Running any of these commands will affect any ML jobs that are running and will cause undefined behaviour. Therefore Poplar workloads should NOT be running when performing these tests.

Troubleshooting

This section contains useful information about what to do if you encounter problems while installing and testing the rack. If you can’t find the answer to your query here and are still experiencing problems, then contact your Graphcore representative or use the resources on the Graphcore support portal: https://www.graphcore.ai/support.

$ ./rack_tool.py BIST

This test will generate a very low-level hardware verification report/log that will need to be analyzed by Graphcore support if any errors are reported. The logs are located at ./maintenance_tools/logs relative to the current directory from which the command is executed.

  • The command “Done BIST on …” if the test is successful.

  • The command “Failed BIST on …” if the test fails.

  • The command will point to the log name generated in both cases.

Warning

Running this command will affect any ML jobs that are running and will cause undefined behaviour. Therefore Poplar workloads should NOT be running when performing this test.

V-IPU cluster tests

The cluster tests check that the cables are properly inserted, that the cabling is correct with respect to the expected topology, and perform traffic tests on the links in the topology.

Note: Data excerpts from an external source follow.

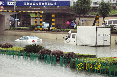 ■「韋帕」帶來的強降雨造成浙江省溫州市區部分道路深度積水。本報攝
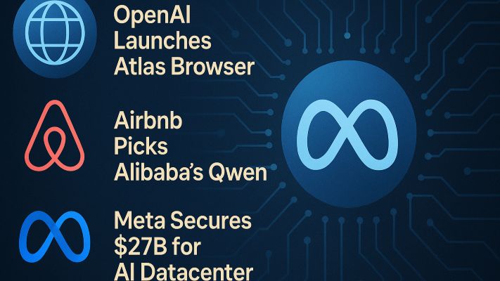 Nas últimas 24 horas, o cenário de IA acelerou novamente: a OpenAI entrou no mercado de navegadores, o Airbnb declarou preferência pelo Qwen da Alibaba e a Meta fechou um financiamento privado recorde para construir sua maior infraestrutura de IA.
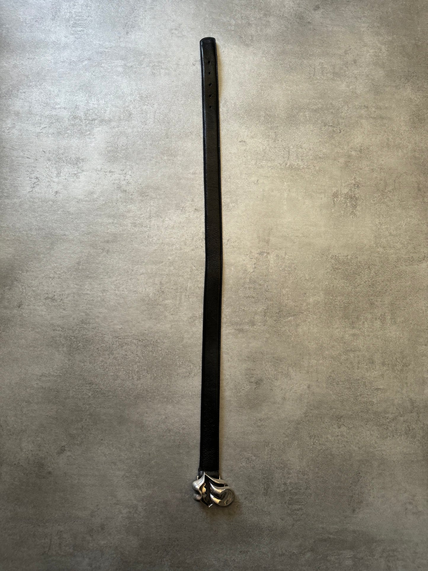 Introducing the Chrome Hearts Rolling Stones Silver Leather Belt: a striking fusion of rock 'n' roll heritage and luxury craftsmanship. The Chrome Hearts Rolling Stones Silver Leather Belt is a masterpiece of design, featuring an intricately detailed silver buckle adorned with the iconic Rolling Stones tongue and lips logo. This emblem, synonymous with rock 'n' roll rebellion, is given a luxurious twist through Chrome Hearts' meticulous silverwork. The leather strap, made from premium quality materials, is sleek and durable, complementing the boldness of the buckle.

V-IPU-based cluster tests are only supported as an integral test step when running the IPU-POD DA install script. If this install script is run again the previous configuration input will be retained and the script will allow a new cluster test to be executed.

Warning

Running these tests will affect any ML jobs that are running and will cause undefined behaviour. Therefore Poplar workloads should NOT be running when performing these tests.